Разговор с молодыми. О Боге, любви, красоте - страница 10

Шрифт
Интервал


Даны подробные инструкции, всё отрепетировано: какое мороженое Таня любит и чего она терпеть не может. Брат одет в костюм брата, ведет себя как разведчик, голос у него такой же. И на имя не свое откликается, привык в детском саду и в школе. Одних учителей сколько раз они разыгрывали: Саша учит русский, Леша – алгебру; экономят время. Так привыкли друг друга подменять и не подводить, что оба стали отличниками. После театра идет Таня с двойником своего кавалера по бульвару, а у самой сердце не на месте, необъяснимая тревога в груди. Всё вроде бы как всегда, но чувствует она неладное.

– Послушай, – говорит, – мне кажется, ты какой-то не такой сегодня. Может быть, я тебе больше не нравлюсь? Так и скажи. Расстанемся мирно. Посмотрю на тебя – всё тот же Саша. А душа почему-то незнакомая.

Лешу-близнеца эти слова застали врасплох, и он испуганно воскликнул:

– Да ты что, еще как нравишься! Подожди немножко, я скоро вернусь.

– А где ты сейчас? – осторожно спросила Таня.

– Я? – Алеша отчаянно пытался спасти ситуацию. – Я после всё расскажу.

И вот мальчишкой, читая о Бородинском сражении, потом о битве под Москвой в 41-м году, я рассуждал: если каждый из погибших был один-единственный и такого не было и больше не будет (а он что-нибудь слышал или видел, чего никто не знает и, конечно, детей своих жалел так, как никто не пожалеет), значит, с его гибелью что-то пропало навсегда.
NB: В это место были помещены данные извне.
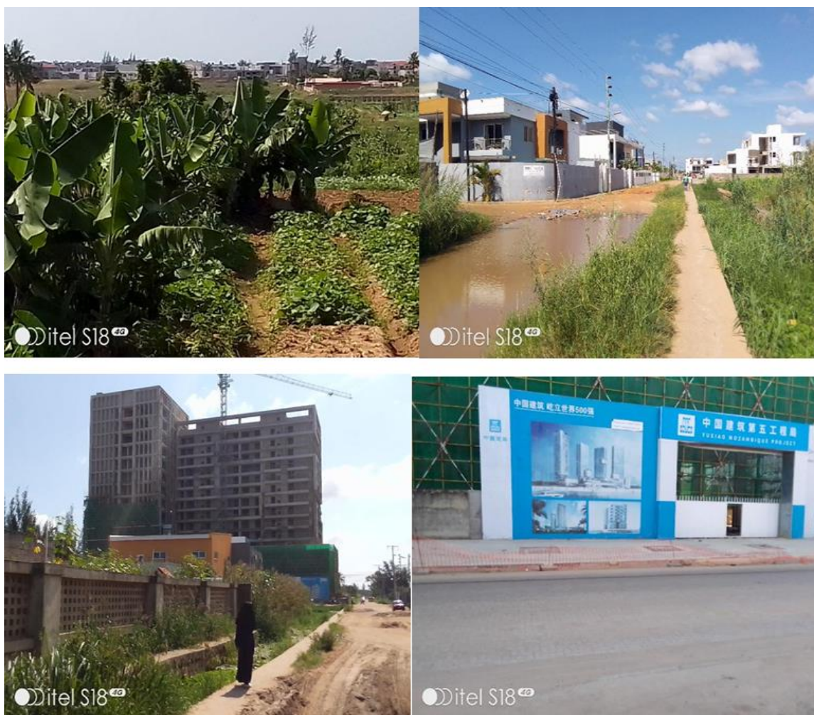
Fig 01: Expansão da indústria imobiliária nos campos das famílias camponesas

08 A 12 DE OUTUBRO DE 2025 | UFMS | TRÊS LAGOAS - MS

Или нет? Где-то же должна быть такая память, в которой всё записано. Не похожий ни на кого для того-то от всех и отличается, чтобы его помнили. Но где и кто?

Когда я впервые, в детстве, подумал о смерти, эта мысль вызвала у меня не столько страх (хотя страшным холодом повеяло на душу), сколько недоумение и глубокое, идущее из сердца, несогласие: как же это, меня, которого так любят родители и который так рад, что живет на свете, и вдруг не будет? В рассказе «Что я люблю…» Виктора Драгунского отец спрашивает у сына на прогулке в зоопарке: «Ты что скачешь?» А сын отвечает: «Я скачу, что ты мой папа». И папа понимает. Распирают чувства. Потому что радости свойственно переливаться через край – прыгать, кружиться, сочинять стихи.

Живший три тысячи лет назад царь Израиля Давид – военачальник, мыслитель, поэт – любил Бога и всё Божье, то есть всякую святую вещь и драгоценность. Когда торжественно, с восклицаниями и трубными звуками, переносили главную святыню народа, ковчег Завета, в новую столицу Давида – Иерусалим, царь в одном льняном ефоде (длинной рубахе до пят) «скакал из всей силы пред Господом», и плясал, и играл на разных музыкальных орудиях, и раздавал дары. Скачущий сын пред Отцом Богом.